↓

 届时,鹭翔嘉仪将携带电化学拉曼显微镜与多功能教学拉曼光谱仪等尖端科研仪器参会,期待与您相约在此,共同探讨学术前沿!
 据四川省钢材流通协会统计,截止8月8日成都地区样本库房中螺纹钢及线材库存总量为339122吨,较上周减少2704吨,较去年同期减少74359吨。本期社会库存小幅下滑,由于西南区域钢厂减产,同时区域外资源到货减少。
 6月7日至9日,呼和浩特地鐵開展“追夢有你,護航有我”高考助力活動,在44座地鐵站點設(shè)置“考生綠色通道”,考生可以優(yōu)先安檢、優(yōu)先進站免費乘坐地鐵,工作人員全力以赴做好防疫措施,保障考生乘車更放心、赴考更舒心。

↑
↓

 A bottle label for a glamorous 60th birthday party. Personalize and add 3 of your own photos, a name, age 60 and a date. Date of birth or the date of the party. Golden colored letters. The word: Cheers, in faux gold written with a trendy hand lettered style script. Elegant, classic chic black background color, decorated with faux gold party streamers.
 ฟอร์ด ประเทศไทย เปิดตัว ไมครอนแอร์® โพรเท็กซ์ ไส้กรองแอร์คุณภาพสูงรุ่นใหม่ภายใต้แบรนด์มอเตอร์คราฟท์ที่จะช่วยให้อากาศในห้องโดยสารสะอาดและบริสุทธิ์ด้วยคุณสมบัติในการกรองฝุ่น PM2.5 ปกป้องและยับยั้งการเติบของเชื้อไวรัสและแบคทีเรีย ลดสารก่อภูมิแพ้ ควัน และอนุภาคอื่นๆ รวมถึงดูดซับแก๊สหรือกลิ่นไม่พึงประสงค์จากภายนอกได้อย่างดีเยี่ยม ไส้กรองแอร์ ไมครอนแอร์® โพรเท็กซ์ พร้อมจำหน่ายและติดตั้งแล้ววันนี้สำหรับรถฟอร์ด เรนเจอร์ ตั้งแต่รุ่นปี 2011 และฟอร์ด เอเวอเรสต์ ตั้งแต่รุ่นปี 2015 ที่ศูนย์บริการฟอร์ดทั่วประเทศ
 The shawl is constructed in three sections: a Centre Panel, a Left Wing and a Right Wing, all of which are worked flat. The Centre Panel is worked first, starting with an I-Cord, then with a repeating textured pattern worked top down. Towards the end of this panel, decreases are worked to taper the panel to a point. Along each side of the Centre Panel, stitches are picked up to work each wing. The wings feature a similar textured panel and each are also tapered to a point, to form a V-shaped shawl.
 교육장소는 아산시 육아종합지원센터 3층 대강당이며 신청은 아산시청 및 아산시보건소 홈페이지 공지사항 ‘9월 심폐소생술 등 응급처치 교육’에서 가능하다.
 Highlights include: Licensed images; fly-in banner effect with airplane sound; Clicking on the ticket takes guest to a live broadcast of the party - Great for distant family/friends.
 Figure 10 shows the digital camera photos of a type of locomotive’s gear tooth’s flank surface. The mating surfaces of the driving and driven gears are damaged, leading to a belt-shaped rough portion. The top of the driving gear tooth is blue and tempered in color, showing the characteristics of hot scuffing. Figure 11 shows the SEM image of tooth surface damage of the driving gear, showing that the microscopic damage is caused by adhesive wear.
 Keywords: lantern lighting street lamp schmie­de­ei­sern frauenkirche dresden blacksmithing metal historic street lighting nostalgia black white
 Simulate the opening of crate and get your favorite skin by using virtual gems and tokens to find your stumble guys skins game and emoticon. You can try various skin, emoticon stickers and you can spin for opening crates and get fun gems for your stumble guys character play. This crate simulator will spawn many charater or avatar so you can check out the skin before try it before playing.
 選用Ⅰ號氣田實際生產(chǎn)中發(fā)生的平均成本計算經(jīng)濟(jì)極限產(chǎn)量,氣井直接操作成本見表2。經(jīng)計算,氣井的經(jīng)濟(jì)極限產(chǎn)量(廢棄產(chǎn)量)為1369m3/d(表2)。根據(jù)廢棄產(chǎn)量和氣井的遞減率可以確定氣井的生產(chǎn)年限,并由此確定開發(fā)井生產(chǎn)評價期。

↑

## WHAT YOU NEED TO DO
Among the lines of the data, find every one that holds "photos" and copy it.

## OUTPUT BELOW
 A bottle label for a glamorous 60th birthday party. Personalize and add 3 of your own photos, a name, age 60 and a date. Date of birth or the date of the party. Golden colored letters. The word: Cheers, in faux gold written with a trendy hand lettered style script. Elegant, classic chic black background color, decorated with faux gold party streamers.
 Figure 10 shows the digital camera photos of a type of locomotive’s gear tooth’s flank surface. The mating surfaces of the driving and driven gears are damaged, leading to a belt-shaped rough portion. The top of the driving gear tooth is blue and tempered in color, showing the characteristics of hot scuffing. Figure 11 shows the SEM image of tooth surface damage of the driving gear, showing that the microscopic damage is caused by adhesive wear.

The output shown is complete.